In Book One, Part IV, Chapter 16 of John Calvin's Institutes of Christian Religion (abridged version), a book I have been working through lately, he says some very insightful and magnifying things about the Providence of God. Below I have quoted a few snippets. The language may be a little dated, but see if you can work through it and notice the riches of what he is saying:
It would be cold and unfeeling to picture a God as a temporary Creator, who completed his work and then left it. Here we differ from the unbeliever in asserting that God's power is obvious in the ongoing world situation as well as in creation.
Without reference to God's Providence we cannot understand the full force of what is meant by his being the Creator, however much we may seem to understand it with our minds and confess it with our mouths. The carnal mind, when it has glimpsed the power of God in creation, stops there. At most it considers only the wisdom, power and goodness evidenced by the Author of such work, or some general factor on which the power of motion depends and which keeps the world going. To sum it up: it imagines that everything is maintained by the divine energy infused into them at the beginning (emphasis mine). But faith must go far deeper.

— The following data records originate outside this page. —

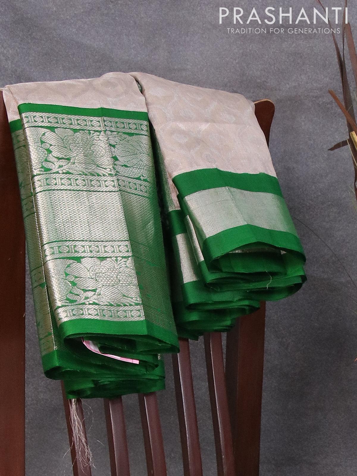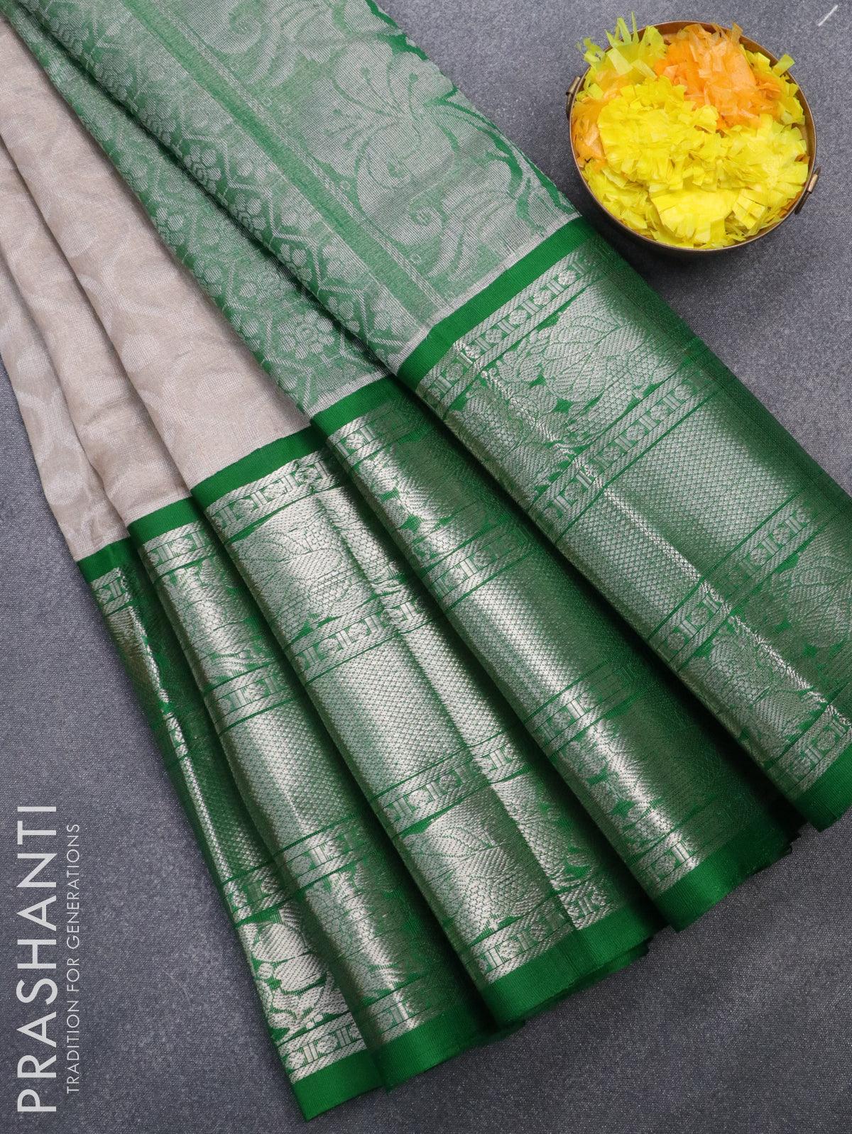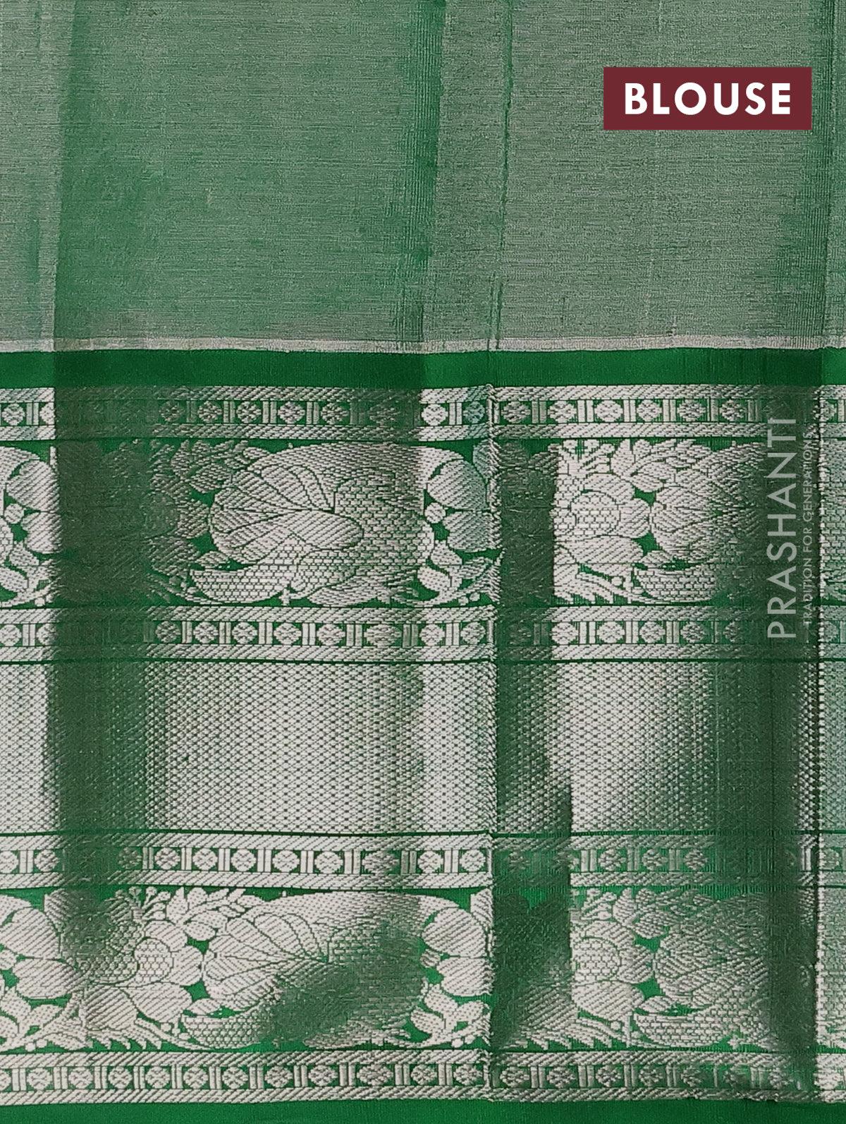 Kuppadam tissue silk cotton saree grey and dark green with allover silver zari woven brocade weaves and long annam & floral silver zari woven border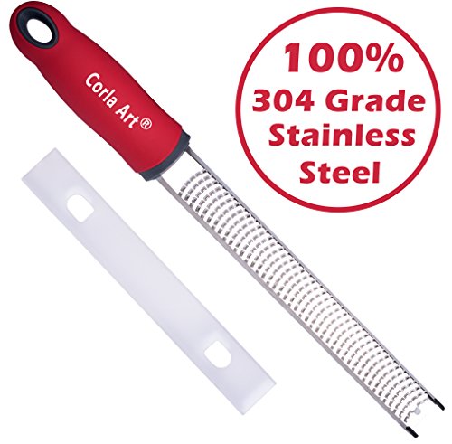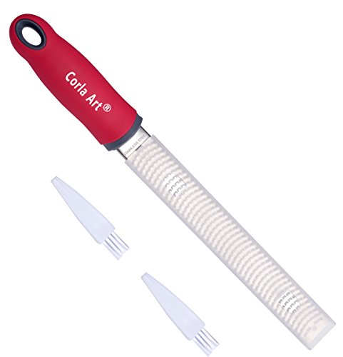- 【STAINLESS STEEL BLADE】The Corla Art Grater Zester comes with a razor-sharp 18/8 stainless steel blade, 2 pieces free small cleaning brushes and protective cover, can handle anything you find in the kitchen. The comfortable, non-slip handle and its unique curved sides make it extremely rigid and easy to apply as much or as little force as needed.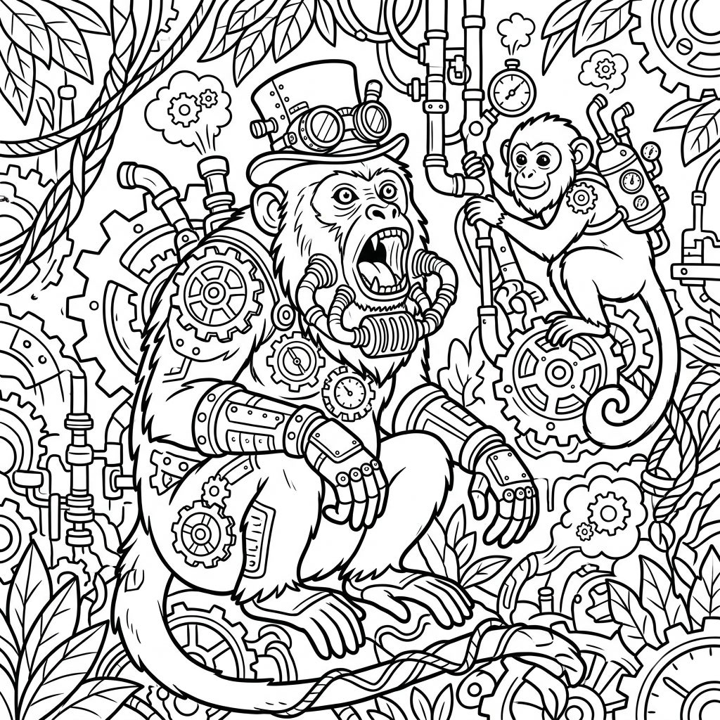 Journey into a fantastical jungle where majestic howler monkeys are reimagined with an intricate Steampunk aesthetic. This captivating coloring page perfectly blends natural power with retro-futuristic marvels, offering an exciting challenge for colorists.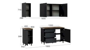 Глубина верхних/нижних модулей: 296/442 мм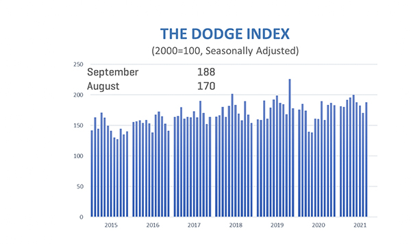 “Construction starts have struggled over the last three months as concerns over rising prices, shortages of materials, and scarce labor led to declines in activity,” stated Richard Branch, Chief Economist for Dodge Construction Network. “The increase in September, however, partially allays the fear that construction is headed for a free-fall and shows that owners and developers are still ready to move ahead with projects. Starts are likely to continue to trend in a positive but sawtooth fashion in the coming months until a more balanced recovery takes hold next year.”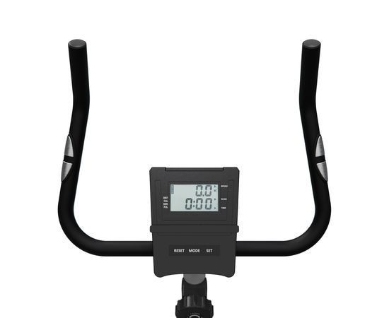 Монохромный LCD дисплей велотренажера отображает следующие показатели: скан, скорость, время, калории, пульс и расстояние. Для работы консоли требуются 2 батарейки типа ААА (не входят в комплект).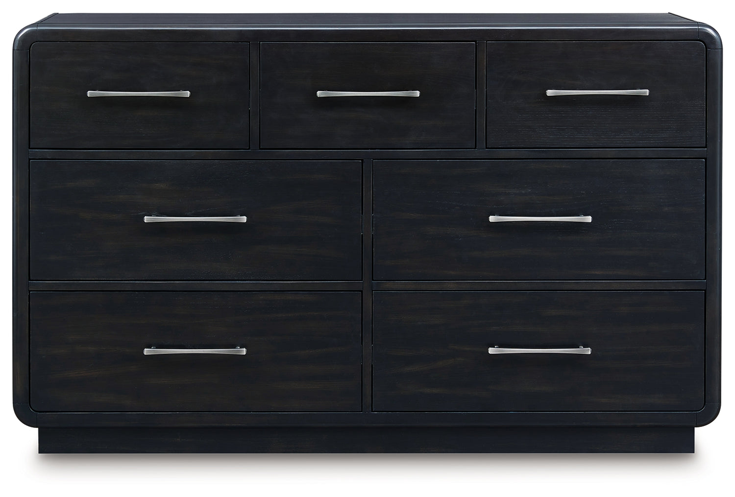 Inspired by art deco design, this softly shaped bedroom package makes a lasting impression in a simply stunning way. Magnificent curved silhouettes are enhanced by a rich layered black finish on the textured wood grain surface. These are the statement pieces you’ve been dreaming of to elevate your contemporary inner sanctum.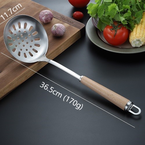 Set Vá đặc, Vá lỗ, Xẻng đặc, Xẻng lỗ inox Sa Maison cán gỗ cao cấp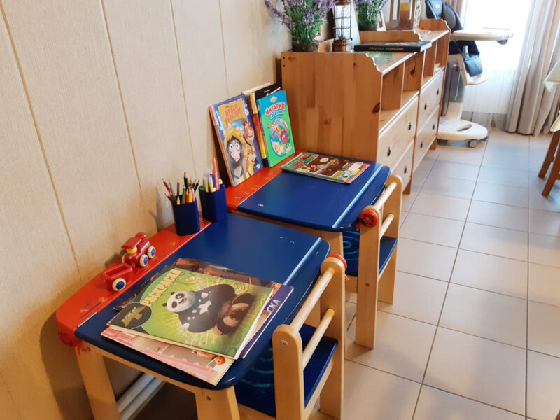 - детская зона в ресторане со стульчиком для кормления, раскрасками, книгами и игрушками;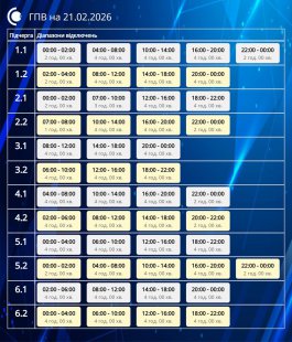 Завтра, 21 лютого, діятимуть графіки погодинних відключень відповідно до обсягів, доведених командою з НЕК “Укренерго”.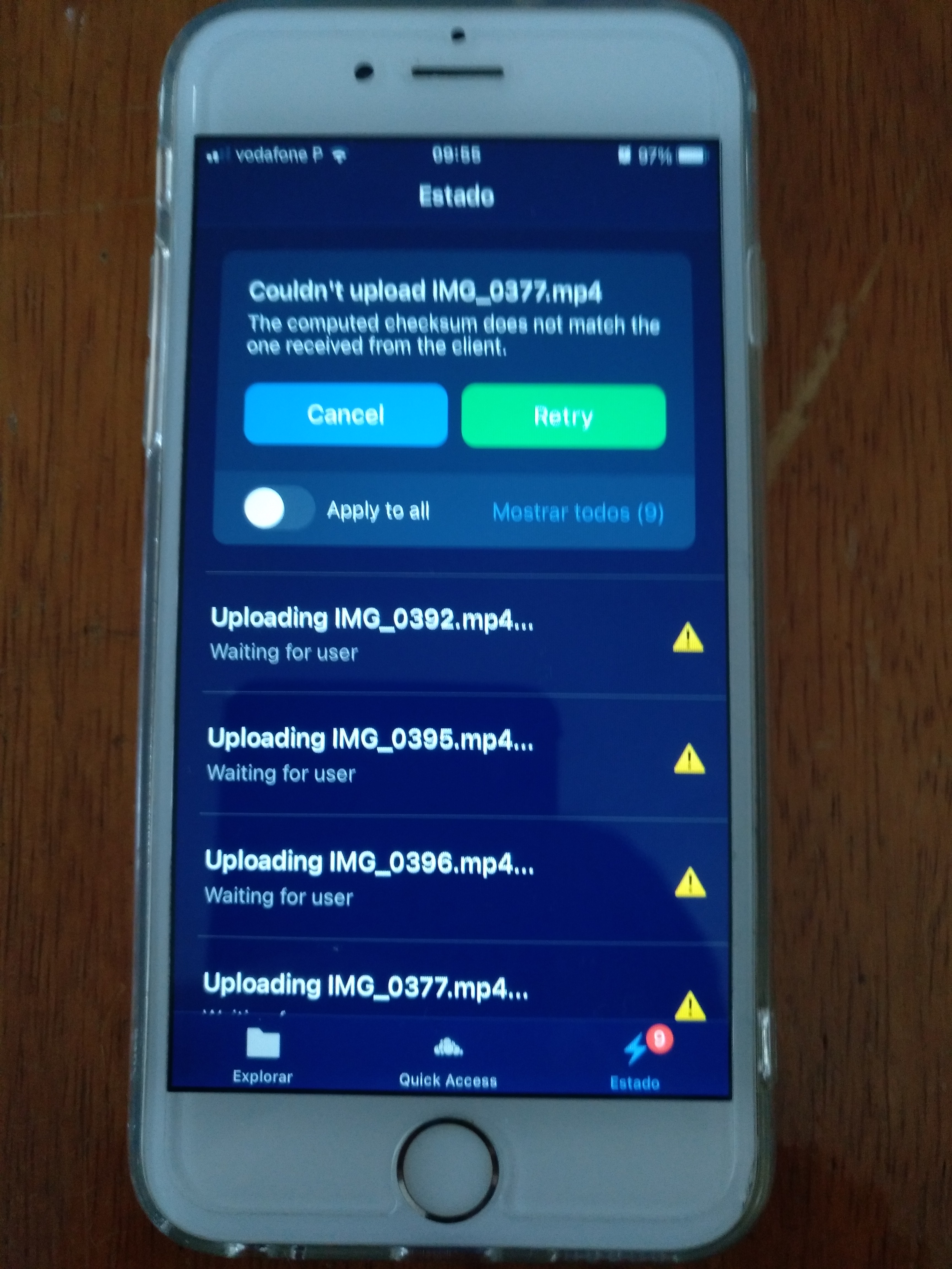 The upload of big files (>200mb) return a error: Couldn't upload IMG_0377.mp4 The computed checksum does not match the one received from the client. iPhone S iOS 14.4 Owncloud version 11.5.2 build 188 Owncloud server 11.6.0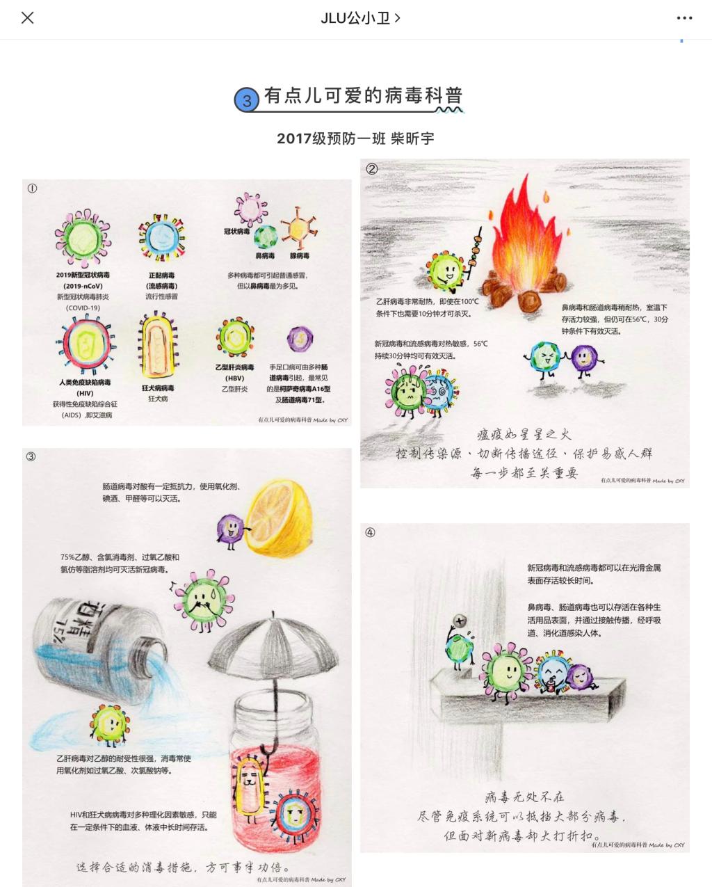 活动期间,同学们积极参与,紧紧围绕“新型冠状病毒肺炎疫情防控”这一主题,上交了许多精美且有创意的图片、短视频等作品。这些作品中不仅包含科学防疫科普小知识,还从不同视角解读疫情防控动态。在家学习做好隔离,出门购物做好防护。同学们发挥着想象力和创造力,并将点滴日常灌注到自己的作品中,在表达自己疫情期间的乐观心态的同时,也在号召更多的人加入到他们的队伍,让更多的同学积极面对生活中的困难,健康度过疫情。

After realizing there is a Creator, it must then infer that he is also Governer and Preserver, not just because he can produce a kind of general motion in the machine of the universe, as well as in each of its parts, but because by his special Providence he sustains and cares for everything he has made down to the smallest sparrow!
God claims omnipotence for himself, and wants us to acknowledge it. God's omnipotence is not futile, idle, and inactive as some theologians pretend, but caring, effective, energetic, and always active. It is not an omnipotence which can only serve as a general influence in uncertainty (like ordering a stream to stay inside a prescribed channel), but one which focuses on specific and definite events. God is accepted as omnipotent, not because he has power whether he acts or not, nor because by some general instinct he maintains the order of creation, but because, in controlling heaven and earth by his Providence, he so overrules everything that nothing happens without his approval.
The believer's comfort in trouble is that everything they endure is ordained and commanded by God and that they are in his hands. If God's rule is over all his works, we would be foolish to restrict it to the natural order of things. Those who keep God's Providence within narrow limits, as if he let everything be carried along by some constant law of nature, not only deny him his glory but deprive themselves of a valuable doctrine. Nothing could be more pathetic than the thought of man at the mercy of unpredictable elements.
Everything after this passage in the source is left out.